- Data listing
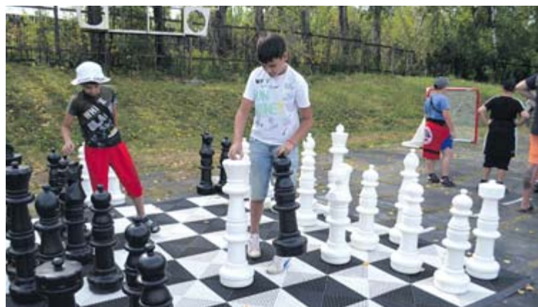
Кому мало настольных масштабов...
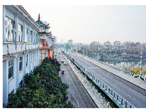
交通繁忙的汉阳路。
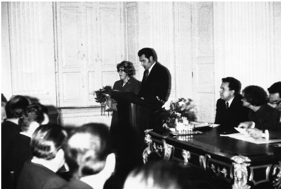
IV Walne Zgromadzenie Delegatów TPW, Pałac w Wilanowie, 18 listopada 1973 roku
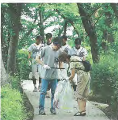
6月の清掃活動の様子(さくら近隣公園周辺)
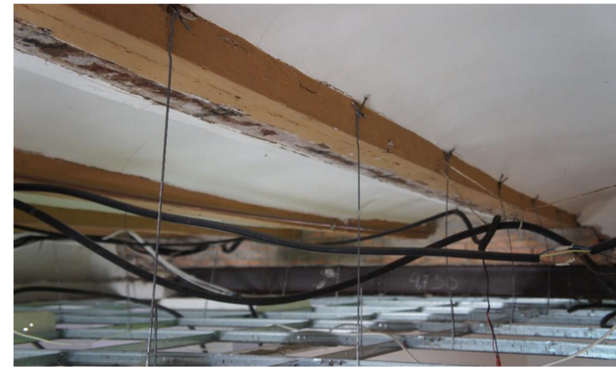
Lesión 7: Deformaciones Localización: Viguetas del forjado P1
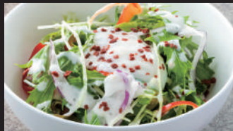
温玉シーザーサラダ
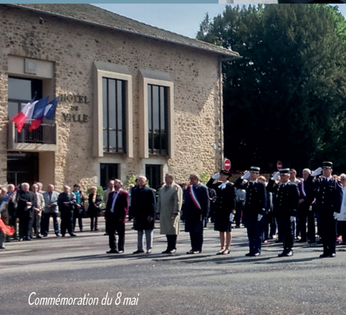
Commémoration du 8 mai
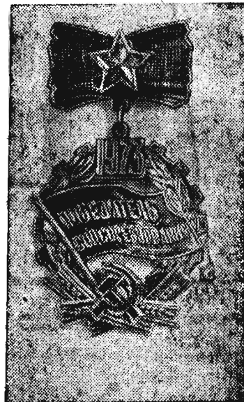
Единый общесоюзный знак «Победитель социалистического соревнования 1973 года».

Но давайте остановимся. Мы же ведь разбираемся не в судебном деле, а в самой рядовой ситуации, возникшей на производстве, где люди думают и трудятся над общим делом. Где начало конфликта? Работники отдела вышли на техсовет с предложением. Это уже хорошо только потому, что они проявили инициативу, пусть, допустим, ошибаясь в
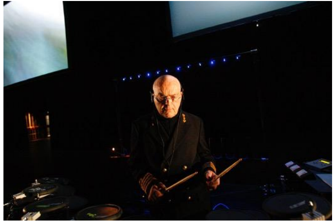
Eyecatcher, 2007
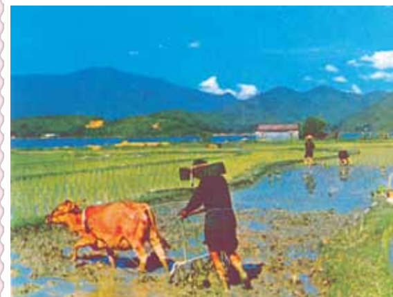
● 元朗的禾田，約 1975 年。

私的愛感染了他們，為我很乖……」余小朋友無照樣刻著：我來過，我心，以後我們的墓碑上謝余妹妹，你一定在天堂看著我們。請你放心小朋友（生命贈與，謝余妹妹，你一直在天小孩說：「我接受了你（余一個成功獲得治療的小同疾病的病孩子身上。第用，全部捐贈予患有相離世。她在生前已決定把餘下所籌得的醫病費達：「Pardon me for not getting up. (恕我起不來了)」。一名姓余的小女孩，是一名孤兒，後因患有急性白血病不幸
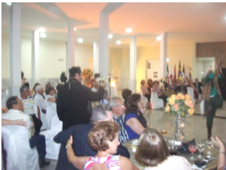
Foto: Ar. João Carlos fotografando a apresentação do Grupo Nabak. (Arquivo pessoal)

Por outro lado, a participação desse pároco no jantar ainda apresenta mais uma dimensão analítica: a reafirmação do vínculo entre a identidade melquita e a etnicidade árabe. Considerando que ele é um padre brasileiro sem origem árabe, e nas cerimônias religiosas regulares da igreja a presença árabe é escassa, eventos sociais dessa natureza, em que a comunidade árabe está reunida, é uma oportunidade interessante para reforçar essas conexões e trazer esses fiéis para uma prática constante da religiosidade melquita no espaço da Paróquia.
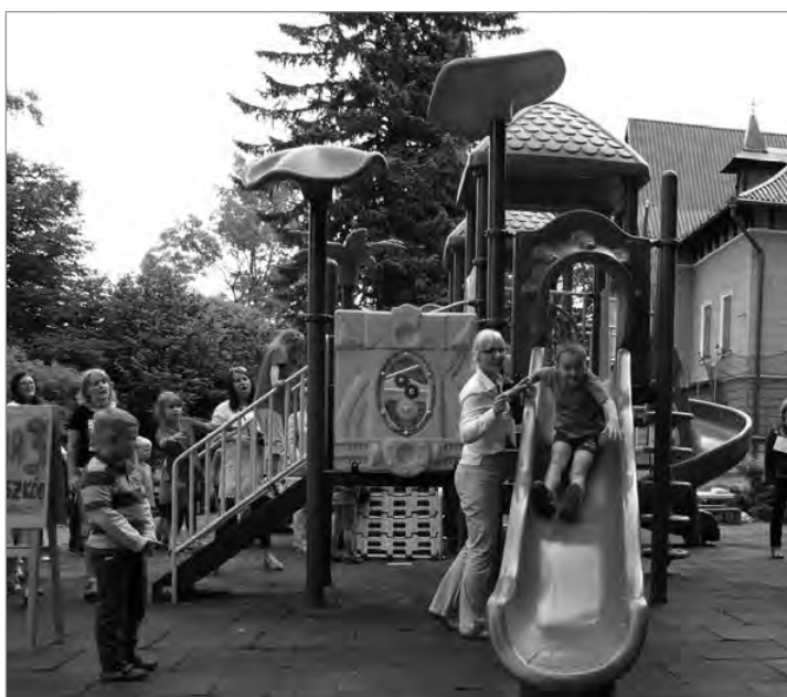
Zdjęcia przedszkolaków podczas konkurencji
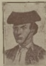
José Calderón (Capita), 1849.

Ninguna cosa hecha de prisa puede salir bien. Más vale dejar de hacer una suerte que ejecutarla mal. No es valiente el temerario, sino el que espera tranquilo el peligro.
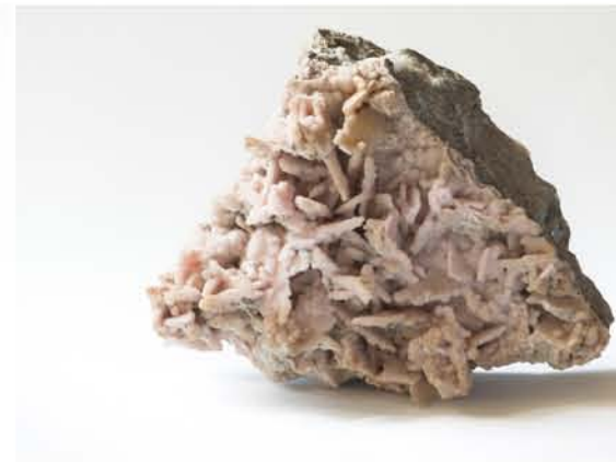
4273 Rodocrozit, Dognecea, CS
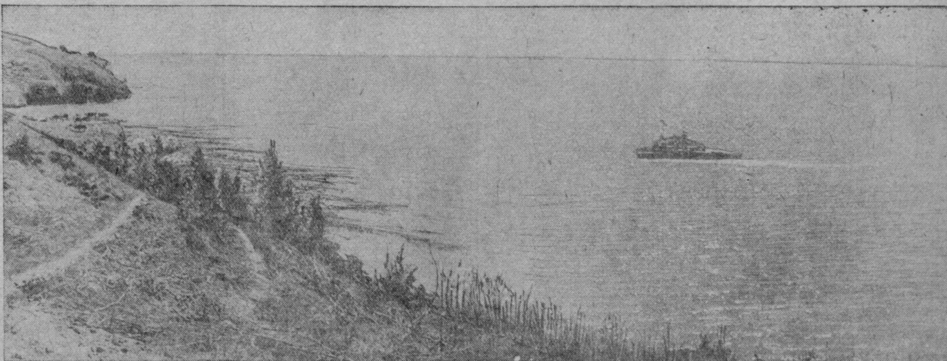
Несколько месяцев назад здесь были лес, степь. Теперь эта земля оказалась дном Цимлянского моря. На снимке: Цимлянское море в районе рабочего поселка Цимлянский.
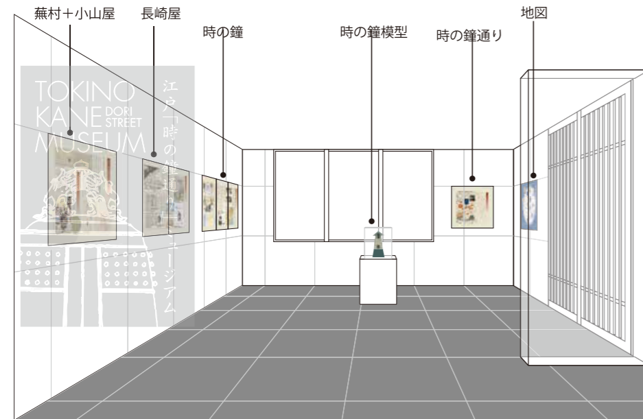
展示コーナーパース

日本橋の「ホテルかずさや」の創業 130 周年を記念した展示コーナー、屋外看板などを制作。 ホテル前の「時の鐘通り」にちなんだ展示物を制作。
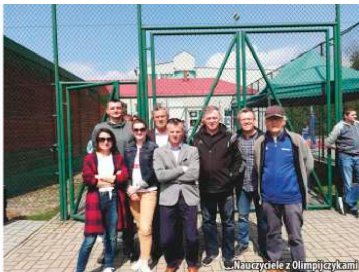
Nauczyciele z Olimpijczykami
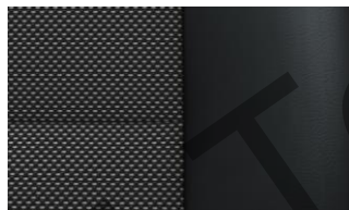
VINYL / KUNSTLEDER TJFZ 100,00 (119,00)
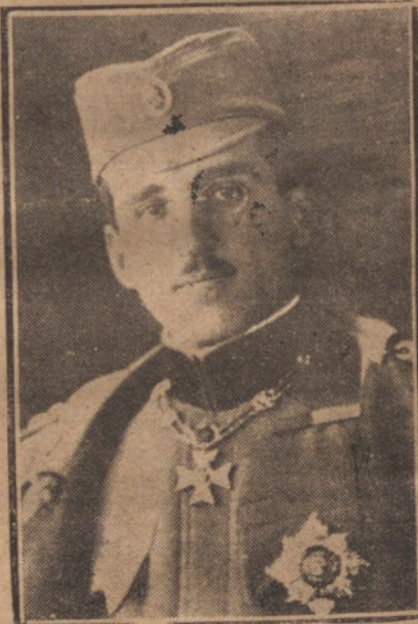
EL REY ALEJANDRO DE SERBIA, QUE CONTRAJO MATRIMONIO CON LA PRINCESA MARIA DE RUMANIA

LONDRES 23. Según el «Morning Post», el grupo bancario londinense encargado de efectuar las negociaciones con el fin de consentir a Grecia un préstamo de quince millones de libras esterlinas ha renunciado a ocuparse de esta cuestión, por no haber dado su consentimiento a este préstamo los Estados Unidos.
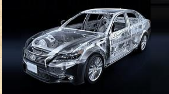
Cảm giác lái thoải mái vượt trội

Với hệ số giảm chấn khí động học và hệ số cản của xe bằng 0,26, bạn sẽ cảm nhận được độ bám đường hoàn hảo và trải nghiệm cảm giác lái tuyệt vời.
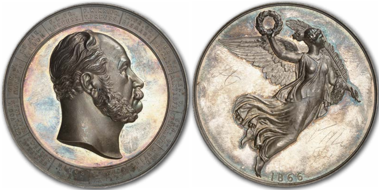
Abb. 14: Nur 100 Stück wurden 1866 von der silbernen Version dieser Medaille geprägt, die den preußischen Sieg über Österreich feiert. Dieser Sieg entschied die Frage, ob die Hohenzollern oder die Habsburger in Zukunft die führende Macht in Deutschland sein würden. Auf der Vorderseite sind die Namen der 13 preußischen Generäle genannt, die in diesen Krieg involviert waren.

Ernennung eine Reihe von kurzen Kriegen, die Preußen an die Spitze der deutschen Staaten katapultierten und die Einigung Deutschlands vollendeten.
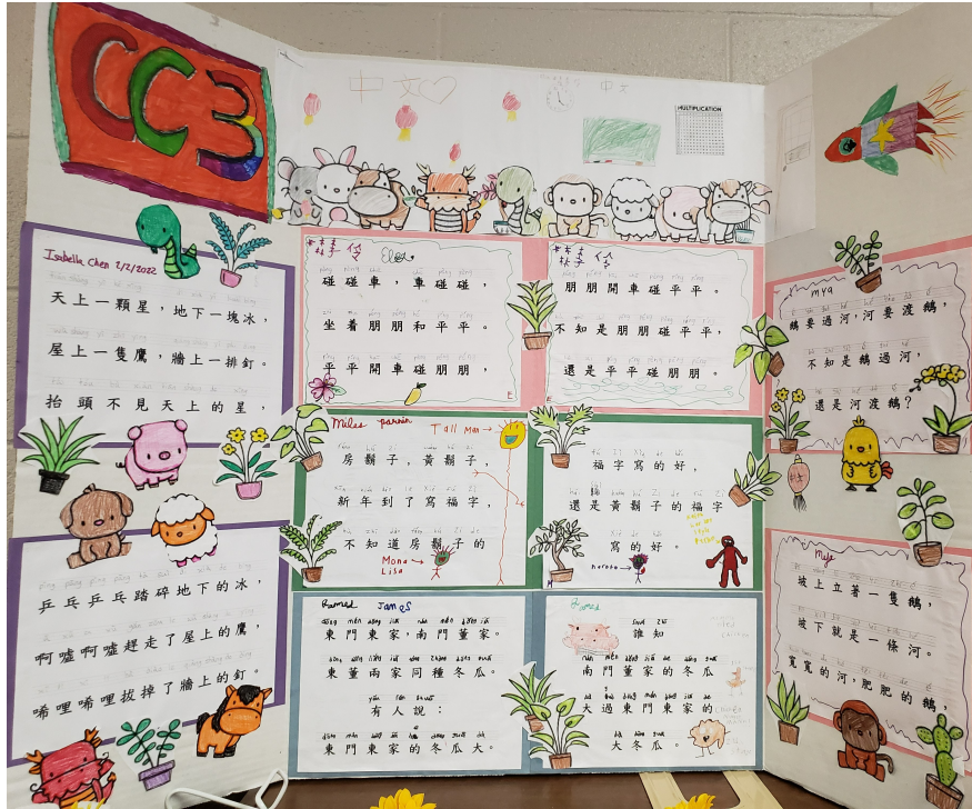
三年級班正體漢字及拼音繞口令

- Work task
Could you repeat, exactly and with nothing added, the lines from the top of the entries above through the line that holds "Единый общесоюзный знак", leaving out any pictures?

- Output for this exercise
Кому мало настольных масштабов...
交通繁忙的汉阳路。
IV Walne Zgromadzenie Delegatów TPW, Pałac w Wilanowie, 18 listopada 1973 roku
6月の清掃活動の様子(さくら近隣公園周辺)
Lesión 7: Deformaciones Localización: Viguetas del forjado P1
温玉シーザーサラダ
Commémoration du 8 mai
Единый общесоюзный знак «Победитель социалистического соревнования 1973 года».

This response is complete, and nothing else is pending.